══ INPUT

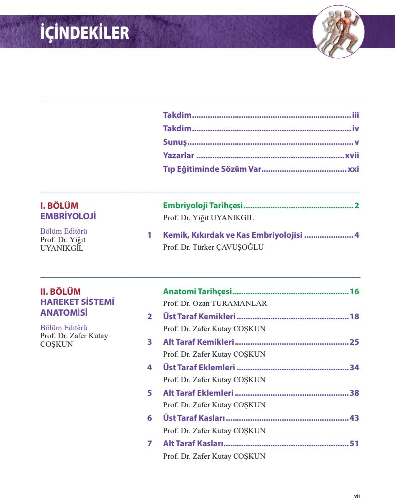 9.Kitap olan “Temelden Kliniğe Hareket Sistemi” ’kitabı mezuniyet öncesi ve sonrası tüm hekimlere yönelik temel ve güncel bilgileri içeren “eğitimde dikey ve yatay entegrasyon” esas alınarak oluşturulmuştur. Bu eğitim modeli organizmamızı sistemler hâlinde gelişiminden itibaren basamak basamak inceleyen ve en nihayetinde hastalıkları ve tedavilerini anlatır. Bu eğitim modeli sayesinde tıp macerasına başlayan en genç üyemiz birinci sınıftan itibaren tüm öğrencilik ve neredeyse hekimlik hayatı boyunca faydalanabileceği bir kaynak eser olarak hazırlanmıştır. Bu amaç doğrultusunda kitap embriyoloji anatomi fizyoloji histoloji-patoloji farmakoloji radyoloji erişkin ve çocuk romatoloji fiziksel tıp ve rehabilitasyon erişkin ve çocuk ortopedi ile erişkin ve çocuk nöromüsküler hastalıkları içeren modüler konular ve zengin görsel içeriklerle birlikte olmak üzere toplamda 13 bölüm ve 88 konu 25 farklı merkezdeki 54 yazar tarafından oluşturulmuştur. Her bölümün başında ilgili bilimin doğuşu gelişmesi ve bilimde ilerleme zincirini oluşturan keşif halkalarının heyecan verici seyrini anlatan “Bilim Tarihçe”lerini okuyabilirsiniz. Tecrübenin eğitimsel değeri olduğu ve öğrenmenin insan gelişim dönüşüm ve ilerlemesinde bir imkân olduğu bilinciyle “Tıp Eğitiminde Bir Sözüm Var” başlığı altında eğitici deneyim ve birikimlerine yer verildi. Kitabın hazırlanmasında emeği geçen tüm yazarlarımıza ve bölüm editörlerimize teşekkür eder öğrencilerin keyifle okumalarını eğitimlerine ve mesleki yaşantılarına katkı sağlamalarını temenni ederiz. Bu çalışmanın ürünü olan bilgi ve becerinin sağlıkla kullanılması dileğiyle… Daha iyiye... Daha güzele... Sevgiyle...
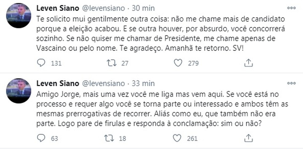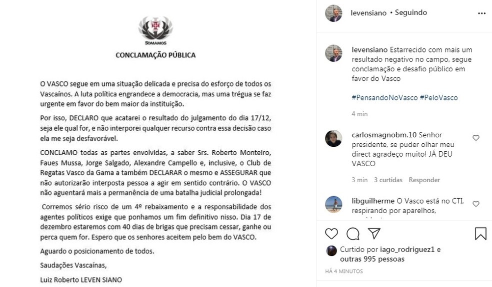 A eleição que vai definir o novo presidente do Vasco está judicializada. Uma votação presencial ocorreu em 7 de novembro, em São Januário, mas foi interrompida antes do fim devido a uma liminar do STJ. Na ocasião, Leven Siano, da chapa Somamos, foi o mais votado.
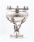 fuso, sbalzato e cesellato, la base finemente incisa a volute floreali da cui nasce un albero nodoso con due putti che giocano, a sorreggere una coppa striata sormontata da viticci e putti musicanti.
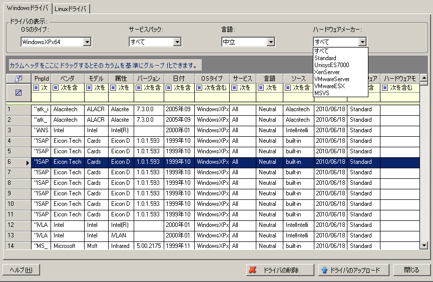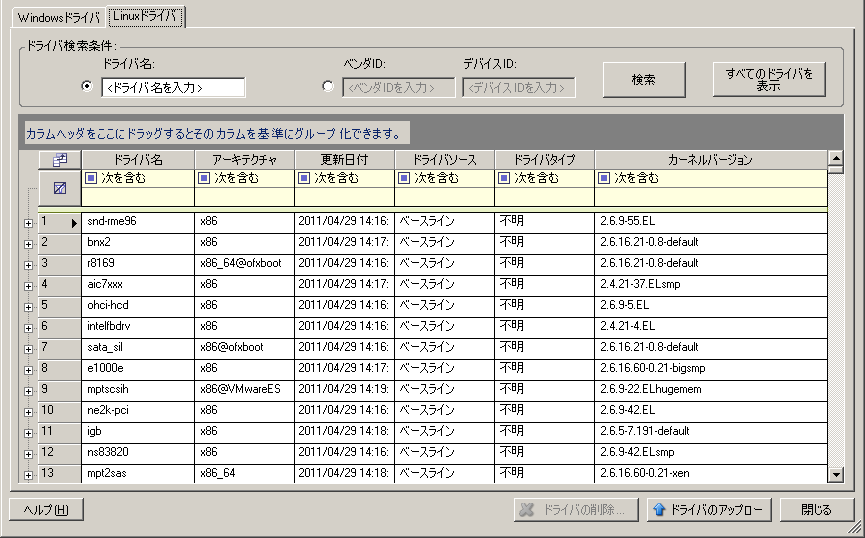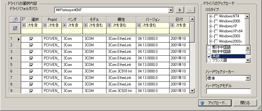 PlateSpin Driver Managerを使用して、デバイスドライバをドライバデータベースにアップロードします。
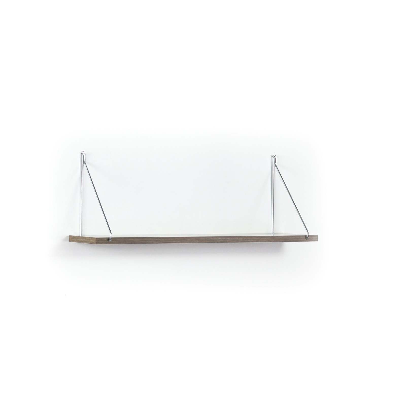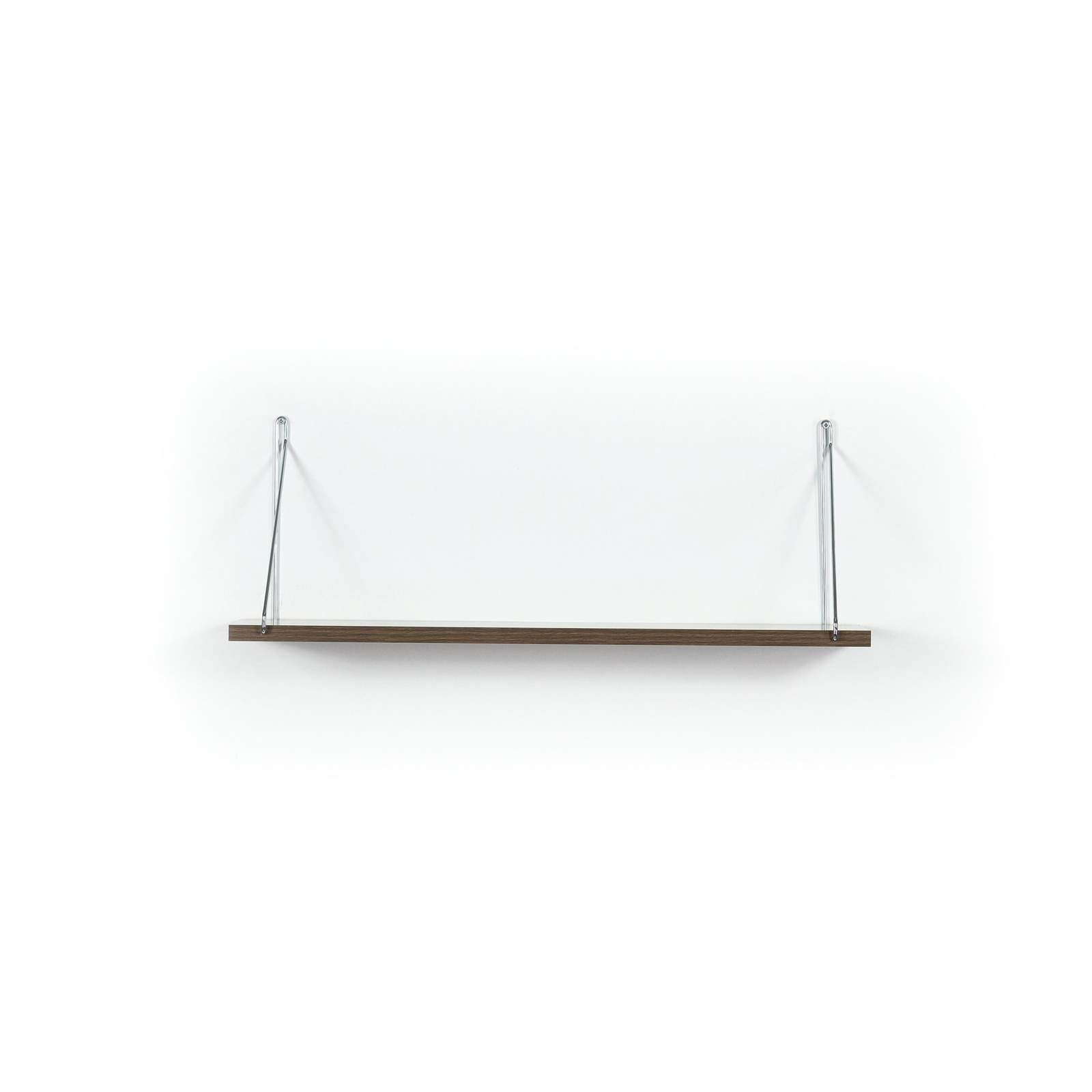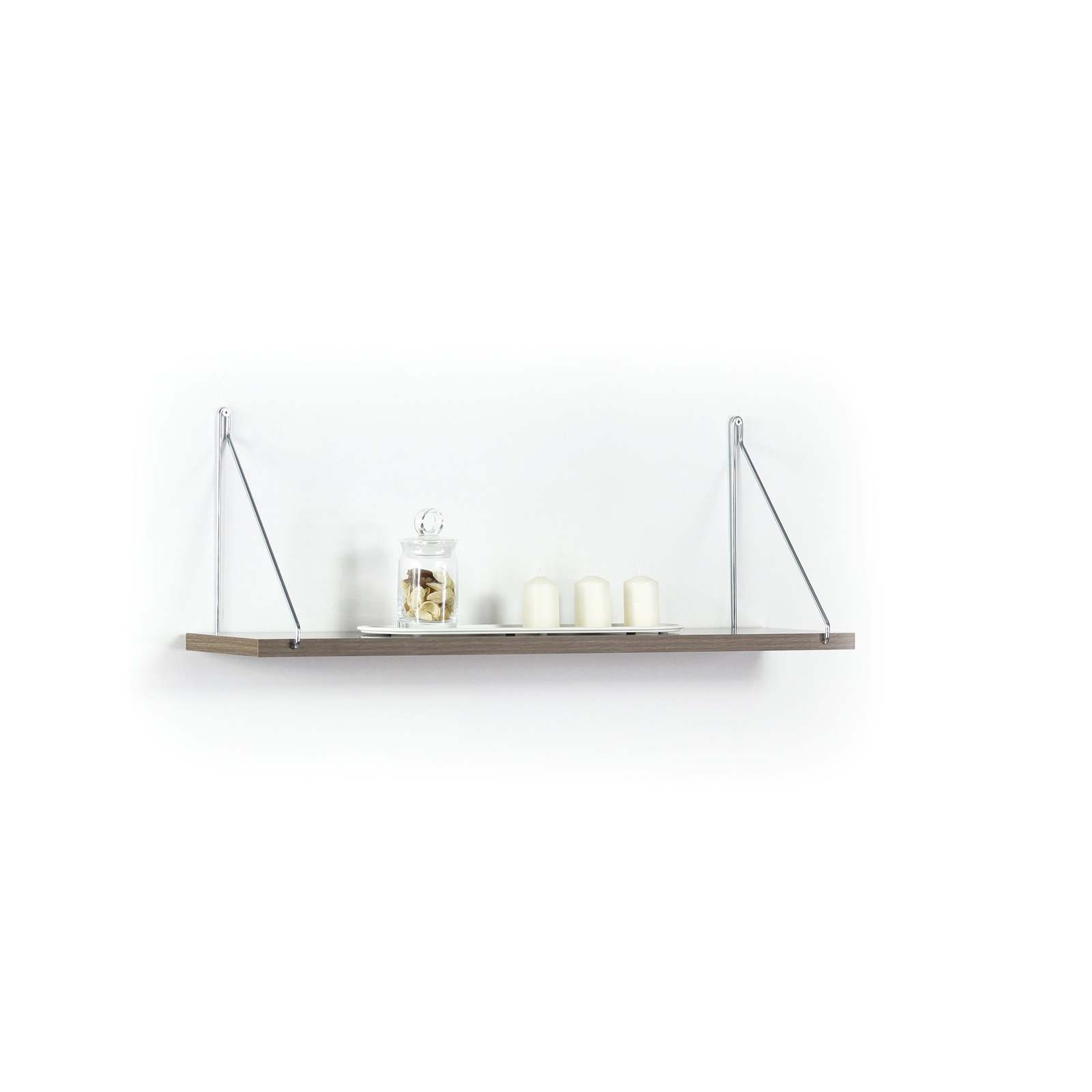 Elevate your interior with this sleek and minimalist wall shelf, designed to bring functionality and modern style to any space. Featuring a single wooden shelf paired with polished chrome-finished metal supports, this piece offers a clean and contemporary look that blends effortlessly with a variety of decor styles.
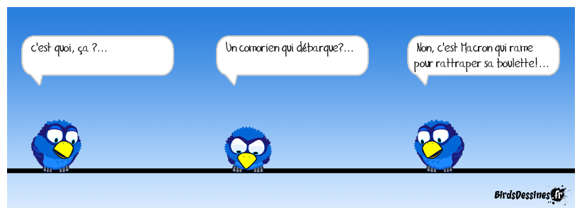 Case 1:Bird 1: c'est quoi, ça ?... | Case 2: Bird 1: Un comorien qui débarque?... | Case 3: Bird 1: Non, c'est Macron qui rame pour rattraper sa boulette!...
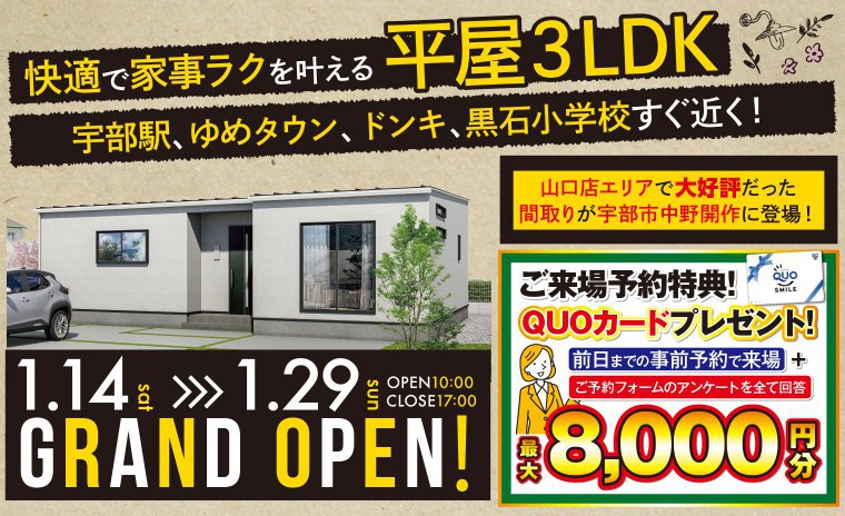 【宇部市】賃貸脱出!無理せず新築を叶えたい方に!この3LDK 平屋!!

════

§ **GOAL OF THE EXERCISE**
Each of the entries above must be output exactly, with none of the pictures.

§ **RESPONSE TO THIS TASK**
 9.Kitap olan “Temelden Kliniğe Hareket Sistemi” ’kitabı mezuniyet öncesi ve sonrası tüm hekimlere yönelik temel ve güncel bilgileri içeren “eğitimde dikey ve yatay entegrasyon” esas alınarak oluşturulmuştur. Bu eğitim modeli organizmamızı sistemler hâlinde gelişiminden itibaren basamak basamak inceleyen ve en nihayetinde hastalıkları ve tedavilerini anlatır. Bu eğitim modeli sayesinde tıp macerasına başlayan en genç üyemiz birinci sınıftan itibaren tüm öğrencilik ve neredeyse hekimlik hayatı boyunca faydalanabileceği bir kaynak eser olarak hazırlanmıştır. Bu amaç doğrultusunda kitap embriyoloji anatomi fizyoloji histoloji-patoloji farmakoloji radyoloji erişkin ve çocuk romatoloji fiziksel tıp ve rehabilitasyon erişkin ve çocuk ortopedi ile erişkin ve çocuk nöromüsküler hastalıkları içeren modüler konular ve zengin görsel içeriklerle birlikte olmak üzere toplamda 13 bölüm ve 88 konu 25 farklı merkezdeki 54 yazar tarafından oluşturulmuştur. Her bölümün başında ilgili bilimin doğuşu gelişmesi ve bilimde ilerleme zincirini oluşturan keşif halkalarının heyecan verici seyrini anlatan “Bilim Tarihçe”lerini okuyabilirsiniz. Tecrübenin eğitimsel değeri olduğu ve öğrenmenin insan gelişim dönüşüm ve ilerlemesinde bir imkân olduğu bilinciyle “Tıp Eğitiminde Bir Sözüm Var” başlığı altında eğitici deneyim ve birikimlerine yer verildi. Kitabın hazırlanmasında emeği geçen tüm yazarlarımıza ve bölüm editörlerimize teşekkür eder öğrencilerin keyifle okumalarını eğitimlerine ve mesleki yaşantılarına katkı sağlamalarını temenni ederiz. Bu çalışmanın ürünü olan bilgi ve becerinin sağlıkla kullanılması dileğiyle… Daha iyiye... Daha güzele... Sevgiyle...
 A eleição que vai definir o novo presidente do Vasco está judicializada. Uma votação presencial ocorreu em 7 de novembro, em São Januário, mas foi interrompida antes do fim devido a uma liminar do STJ. Na ocasião, Leven Siano, da chapa Somamos, foi o mais votado.
 fuso, sbalzato e cesellato, la base finemente incisa a volute floreali da cui nasce un albero nodoso con due putti che giocano, a sorreggere una coppa striata sormontata da viticci e putti musicanti.
 PlateSpin Driver Managerを使用して、デバイスドライバをドライバデータベースにアップロードします。
 Elevate your interior with this sleek and minimalist wall shelf, designed to bring functionality and modern style to any space. Featuring a single wooden shelf paired with polished chrome-finished metal supports, this piece offers a clean and contemporary look that blends effortlessly with a variety of decor styles.
 Case 1:Bird 1: c'est quoi, ça ?... | Case 2: Bird 1: Un comorien qui débarque?... | Case 3: Bird 1: Non, c'est Macron qui rame pour rattraper sa boulette!...
 【宇部市】賃貸脱出!無理せず新築を叶えたい方に!この3LDK 平屋!!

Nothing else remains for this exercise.